As soldier after soldier had similar biopsy results, Miller and his VUMC colleagues published their findings in the New England Journal of Medicine in 2011. The paper generated a lot of interest, both within the military and in the media. Miller believed this would set the ball rolling toward confirming a connection between military deployment to the Middle East and lung injury, but action on the issue stalled.

Miller said it became a personal “cause for advocacy,” and he has remained in touch with many of the soldiers and encouraged them to enroll in studies at VUMC seeking to identify less invasive methods to diagnose small airways disorders.

VUMC pulmonologists Michael Lester, MD, and Bradley Richmond, MD, PhD, both of whom specialize in chronic obstructive pulmonary disease (COPD) and other small airways diseases, have recently completed a small pilot study enrolling some of the veterans who underwent lung biopsies as well as a control group. They are looking at whether new imaging techniques can eliminate the need for a surgical biopsy for diagnosis.

“We are working with a vendor called 4DMedical that has developed a technology that allows real-time lung imaging,” Lester said. “Instead of getting static images of the chest as we do with typical CT scans and comparing them through some of the more advanced CT methods that are available, the new technology allows us to build a map of the chest and then watch how a patient breathes and how air moves in different parts of the lung during the respiratory cycle. We are now doing a final analysis of those results.”

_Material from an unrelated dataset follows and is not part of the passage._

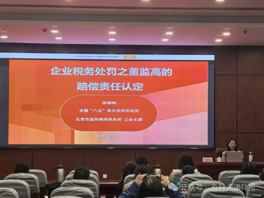2025年10月25日,天津市律师协会成功举办“企业税务处罚中董监高责任承担及涉税案件办理实务”专题讲座。本次讲座聚焦新《中华人民共和国公司法》实施后,企业在税务处罚、董监高责任认定等方面面临的法律挑战与实务难题,旨在为全市律师提供系统性、实战性的业务指导,助力律师在新法背景下实现专业能力的提升与业务领域的拓展。
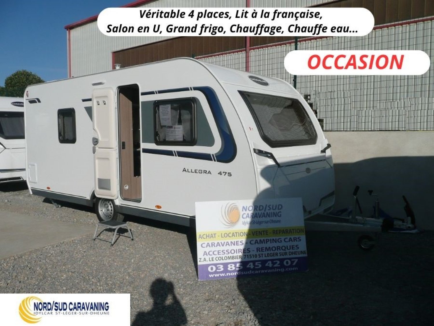Superbe occasion Caravelair Allegra 475, Lit à la française, Salon en U, Grand frigo, Douche, 4 places

In December 2021, a VUMC team led by Sergey Gutor, MD, PhD, and Vasiliy Polosukhin, MD, PhD, published a study in the American Journal of Surgical Pathology with in-depth histopathological analysis of the veterans’ lung biopsy samples.

Their findings not only supported the initial conclusion of constrictive bronchiolitis, but they also noted additional abnormalities such as diffuse fibrosis of surrounding alveolar tissue, thickening of the arteries adjacent to the small airways, fibrosis and thickening of visceral pleura and a three-fold increase in the presence of immune/inflammatory cells.

Because of these findings, they proposed “post-deployment respiratory syndrome (PDRS)” as a better descriptor of the combination of inhalational exposure to toxins during deployment, post-deployment respiratory symptoms, and complex pathology in all distal lung compartments.

“It has been a 17-year journey, and all of us at Vanderbilt have had to defend our findings with a number of entities,” Miller said. “We have regularly re-evaluated our findings and return to the same conclusion; deployment has caused lung injury in a lot of those deployed to Iraq and Afghanistan.”

But Miller is certain the journey doesn’t end here.

“I think we’re still going to have to advocate for people,” he added. “We need to make sure that the implementation of this legislation goes the right way and goes far enough to help veterans with respiratory disorders. And processes have to be put in place to appropriately evaluate this group of people. We’re not done yet.”

Military veterans like Raines feel indebted to Miller and his colleagues.

“I’m very appreciative to Dr. Miller and the other doctors there at Vanderbilt,” Raines said. “They’ve been bulldogs, and they’ve not let this go. I’m thankful for everything they’ve done for me and for all the other veterans.”